フォトリフレクタで車両の位置を検知してエンドレス線路で2列車同時運転をしてみよう!

2022/9/1 7M4MON



概要

通常、エンドレス線路は1列車のみパワーパックで制御が可能ですが、ただぐるぐる回してもすぐ飽きてしまいます。
自動運転制御システムは各社から出ているようですが、趣味なので、フォトリフレクタとArduinoを使って2列車を同時に制御するシステムを製作しました。

レイアウト

NゲージはTOMIXかKATOがメジャーなようですが、ネットで評判の良かったKATOの Unitrackシステムを採用しました。
ただ1周ぐるぐる回しても面白くないので、立体交差を取り入れて2周回すことにします。
一般的な在来線車両の最小通過半径は R249 で、島式ホームは複線間隔の2倍(66mm)なので、
内側をR249、外側をR315とすると島式ホームと立体交差を取り入れた最小サイズのレイアウトになります。
R249⇔R315の66mmの移動は、unitrack_systemによれば、R481-15 + S64 + S64 + R481-15 または R781-15 + S64 + R781-15 で可能です。
今回はジョイントが少ないR718を採用しました。
お座敷レイアウトなので高架は 23-015 勾配橋脚基本セット を使用しますが、中央部の No.5 は高さ的には使用しなくても大丈夫です。
よって橋脚は片側あたり最小で 0-4 の5個となります。ただし、1〜4は Sジョイナーが接続できる高架線路が必要です。
4〜4 はS248の高架橋ですが、線路を跨ぐので、ワンポイントで 単線トラス鉄橋 緑 20-431 にしました。

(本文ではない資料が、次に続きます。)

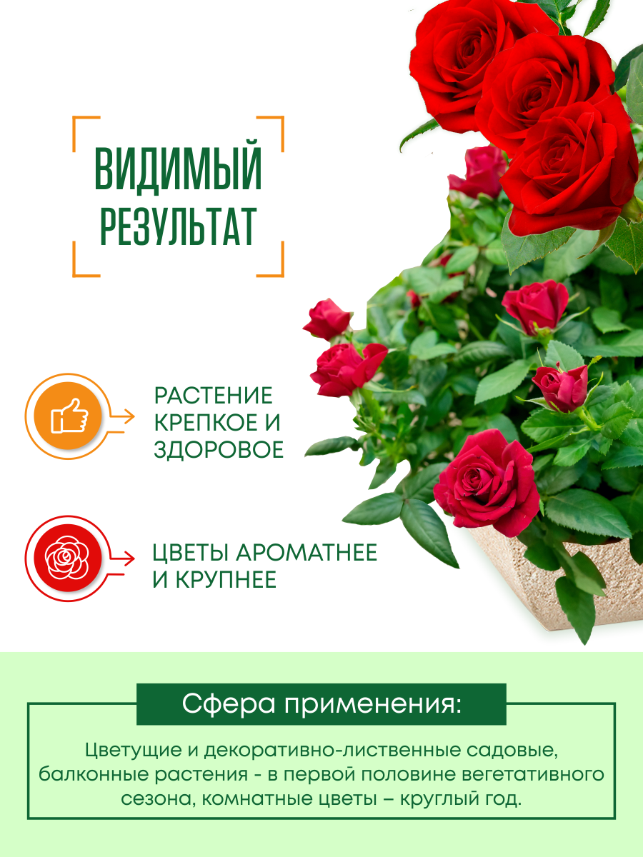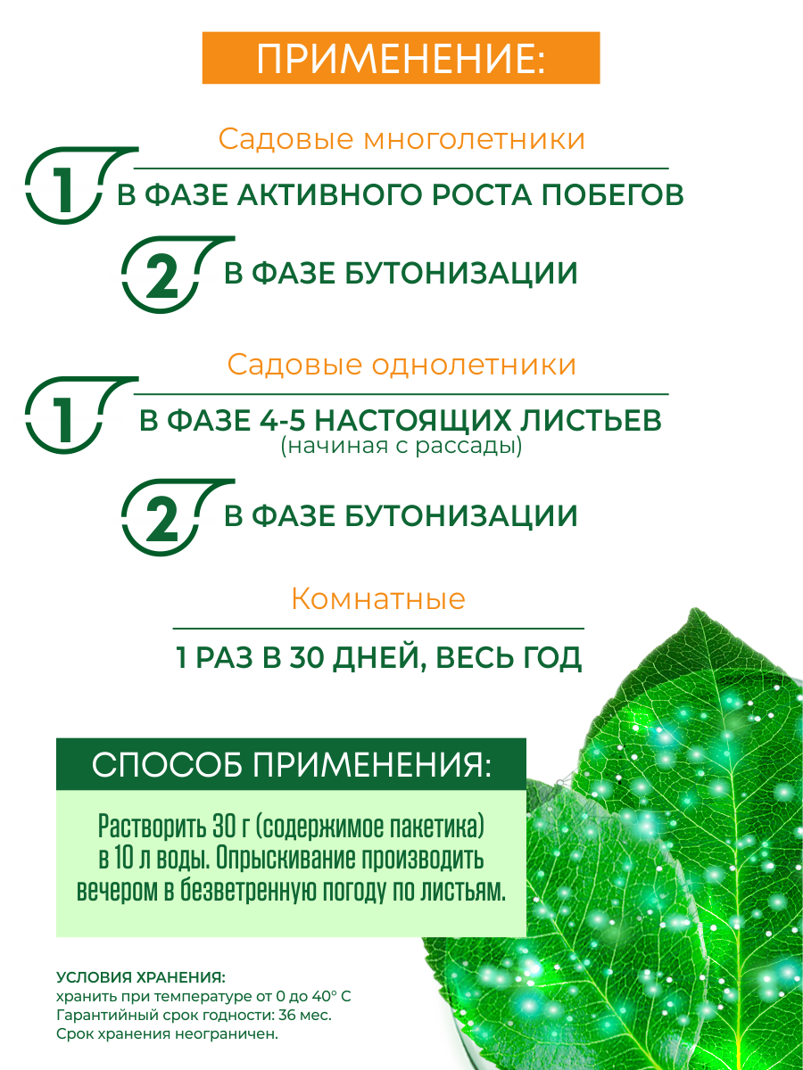 - обеспечивает постепенное эффективное проникновение питательных компонентов в метаболическую систему растения в течение 30 дней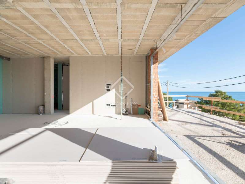 Lucas Fox presents this magnificent four-story villa with impressive views of the sea, thanks to its strategic location. It is located in the prestigious surroundings of the Garraf Natural Park, with views on one side of the lush natural area and on the other, of the sea. This designer villa , still under construction, offers the rare opportunity to adapt the details to the buyer's most demanding tastes. Stepping through the ground floor doors reveals a functional space housing a spacious garage and main entrance, anticipating the comfort and elegance that extends throughout each level. On the first floor, there is a multipurpose room that can be transformed into a private gym, a serene office or a games room, accompanied by a laundry room, a machine room and a full bathroom . The main floor offers a generous living room with a highly stylish dining room and an open kitchen, equipped with high-end appliances . A ensuite bedroom completes this floor. The main rooms have access to a large terrace with a swimming pool. From here, incredible panoramic views of the Mediterranean and the port are offered. On the highest floor , there are three bedrooms with private bathrooms, all with access to a terrace with the same impressive views. The floors of this magnificent property are connected with a designer staircase and a lift. In addition, behind the villa, there is a beautiful garden with views of the natural park. This space lends itself perfectly to outdoor gatherings, such as barbecues or any type of evening. Get in touch for more information.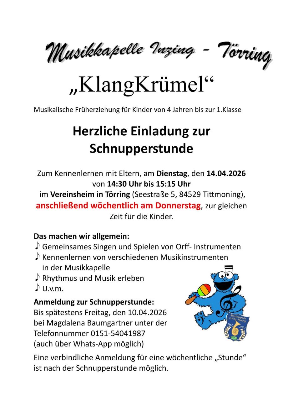 Wir, die Musikkapelle Inzing Törring befinden uns im April im zu Ende gehenden Winterschlaf, die Termine beginnen und wir sind voller Vorfreude auf die kommende „Saison“.

島式ホームの駅は、 島式ホームB 階段付 23-172 を使用します。端面のジョイナーがむき出しですので、島式ホームエンドA 2本入 23-174 をあわせて購入しました。
このセットで20m級の4両編成の列車が停車できる長さになります。
以上の検討結果により作成したレイアウトが以下になります。


レイアウトの大きさは 約1400x650mm となりました。単品で揃えて、およそ1万2千円かかりました。


ハードウェア

車両位置検出にはフォトリフレクタ(TPR-105F)を使用しました。S249の中心付近に5mmの穴を開け、
ユニバーサル基板に実装したフォトリフレクタが露出するようにしています。



取り付けは M2 x 5mm のプラスチックネジ を使用。基板が干渉するリブとケーブルが出る部分は超音波カッターでカットしました。
先頭車両の中央付近に銀色のシールを貼って、フォトリフレクタを通過したときにLになるようにします。



---追記---
鉄道模型モジュールLAYOUTAWARD自作 T-TRAK台 に載せた ATS警報鳴動装置 で 応募 した際に
作成した プログラム では、検出処理を抜本的に見直したので、銀シール無しで車両を検出できるようになっています。
---追記おわり---


赤外線LEDに約11mA流して、コレクタ側を47kΩでプルアップしたとき、非検出時は約4.8V、検出時は 約0.3VとなりVery Goodです。
(閾値は半固定抵抗で調整できるようにしてあります。)
出力インピーダンスが高めなので、0.01uFをアナログ入力にぶら下げてますが、稀に前のポートの読み取り値を引きずるので、
ソフト的に2回読んで1回目を捨てるようにしてあります。本来はオペアンプでバッファするべきと思います。
ハードウェアのブロック図は以下のとおりです。



スピードはマイナス側を2SK4017でPWM制御しています。巡航速度と駅構内の速度は半固定抵抗で調整できるようにしてあります。
絶縁ギャップはS62Fの直後にマイナス側だけ入れてあります。
ユニバーサル基板に実装して以下のようになりました。Pro Mini上の低電圧レギュレータと入力側のタンタルコンデンサは外してあります。


ソフトウェア

スライドスイッチで1列車のみor2列車同時運転かを選択します。
電源投入時は列車の制御は停止状態となっています。停車位置のセンサが車両を検出すると緑信号に変わりますので、半固定抵抗を回して閾値を調整します。
調整が終わったら、タクトスイッチを押下し、列車の運転を開始します。
列車が駅構内に入ったことを検出すると、黄色信号となり、Duty比を徐行状態まで指定のステップで落として減速します。
列車が停止位置に到達したことを検出すると、列車を停止します。
2列車同時運転の場合は、対向ホームに列車が到着するのを待ちます。
発車条件を満たしたら、発車ブザーを鳴らした後、列車を一定時間(半固定抵抗で調整可)巡航速度にし、次の区間に渡します。
プログラムのフローチャートは以下のとおりです。

動作の様子は記事トップの動画をご参照ください。
ソースコードは github にアップしてあります。


DCC (desktopstation.py) でやる

もともと、 desktopstation.py は、これをDCCでやるために作ったのでした。
example_endless_chase.py がそれにあたります。


余談

中華製の Pro mini は、RAWに6V以上かけると電圧レギュレーターと入力のタンタルコンデンサが焼損するものがあるようです。
必要な電流が取れるか事前確認するために徐々に電圧を上げたところ、10V程度で火花&煙が出たので焦りました。
実験用電源で電流制限がかかり、幸いマイコンチップ自体は無事でしたが………。お気をつけください………。